# Wire Shelving



## weekender (Aug 15, 2005)

Has anyone installed closetmaid wire shelving before or has a closet shelving installation business?
I was wondering if there is a formula you use for pricing. :Thumbs:


----------



## J2Jonner (May 24, 2005)

weekender said:


> Has anyone installed closetmaid wire shelving before or has a closet shelving installation business?
> I was wondering if there is a formula you use for pricing. :Thumbs:


I've done a number of custom closet installs, but using MDF. I have been thinking for a while now about advertising Custom Closet Installs and trying to expand that as a business focus, but I'm concerned that the clientel will be scarce at first.. It's a larger expense then most people realize when they are planning a closet org, and I think it would have to be "sold" to them. For the closetmaid ($$$) I would price per lineal foot of shelving, and draw up a plan to detail the spacing and number of shelves to the homeowner. The per/ft price should be pretty to arrive at given your source cost of material, but I would only use that for my material price, and provide the homeowner with a "job" cost.

Cheers,
Jon


----------



## Teetorbilt (Feb 12, 2004)

$10 a ft. for 12", $12 a ft. for 16".

Use the saddle type clips and hit the studs, hit the studs with the angle supports too. For the end brackets use the screw in type (50#) drywall anchors.

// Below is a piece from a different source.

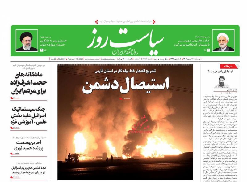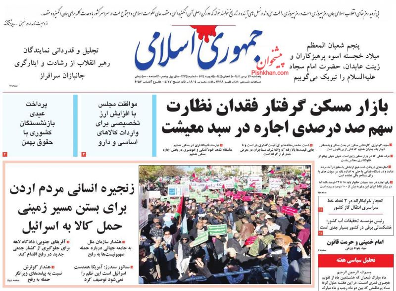 جمهوری اسلامی ، پنجشنبه ۲۶ بهمن
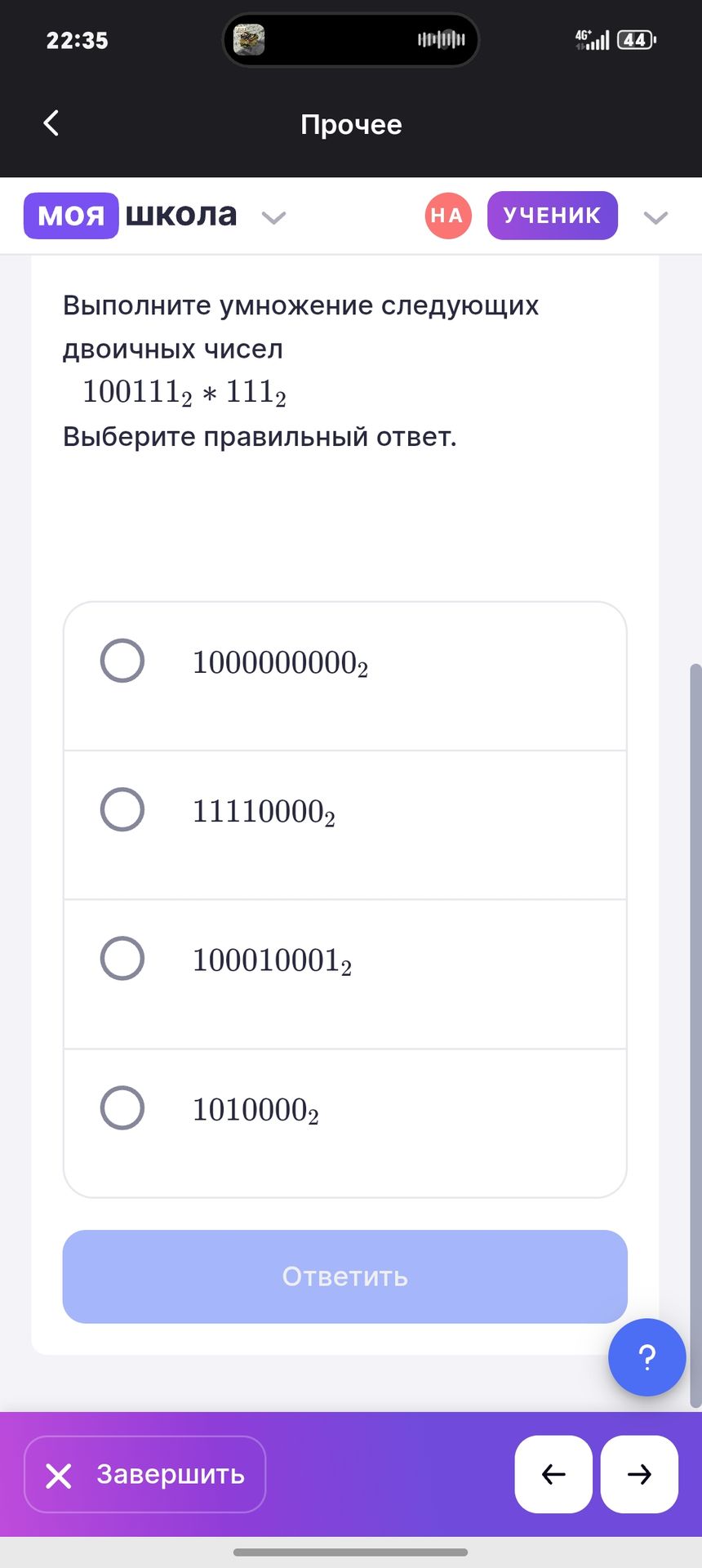 Для решения данного задания, необходимо выполнить умножение двоичных чисел.

Done right, a 200# guy can do chin ups on it. Done wrong, expect a callback.


----------



## weekender (Aug 15, 2005)

Thanks guys. 
I was at a job putting up beater board wainscoating and a closet installer came in for an estimate. For 2 closets his labor cost was $200.00. he told the owner he will be done in 2 hours. $100.00 bucks an hour is pretty good to me.
They loved the price because the had gotten an estimate from california closets that was over $1,500.00.


----------



## J2Jonner (May 24, 2005)

weekender said:


> For 2 closets his labor cost was $200.00. he told the owner he will be done in 2 hours. $100.00 bucks an hour is pretty good to me.
> They loved the price because the had gotten an estimate from california closets that was over $1,500.00.


california closets vs. 2 hr. wire rack job? This is exactly what I was refering too above. These owers clearly didn't want a "Custom Closet", they wanted shelves.. A true custom closet with shelving/cabs/drawers/organizers is more money than people think..

Jon


----------



## weekender (Aug 15, 2005)

Jon

have you used easy closets or contemporary closets ( I think they are the same company) or do you use the MDF stuff ar HD or Lowes.


----------



## J2Jonner (May 24, 2005)

weekender said:


> Jon
> 
> have you used easy closets or contemporary closets ( I think they are the same company) or do you use the MDF stuff ar HD or Lowes.


Nope, I have only done closets installs of my own design using mdf, or birch ply with an applied face. Nothing as posh as Cali Closets, but nicer (IMO) than wire.

Jon


----------



## Teetorbilt (Feb 12, 2004)

You may want to check out http://www.gregorywoodproducts.com/index2.htm I have been using them for years in mid-range projects. Good quality for the money.


----------



## 747 (Jan 21, 2005)

weekender said:


> Thanks guys.
> I was at a job putting up beater board wainscoating and a closet installer came in for an estimate. For 2 closets his labor cost was $200.00. he told the owner he will be done in 2 hours. $100.00 bucks an hour is pretty good to me.
> They loved the price because the had gotten an estimate from california closets that was over $1,500.00.


THOSE ARE SLICK SYSTEMS. CUSTOMED DESIGNED FOR EACH APPLICATION FOR MAXIUM STORAGE.


----------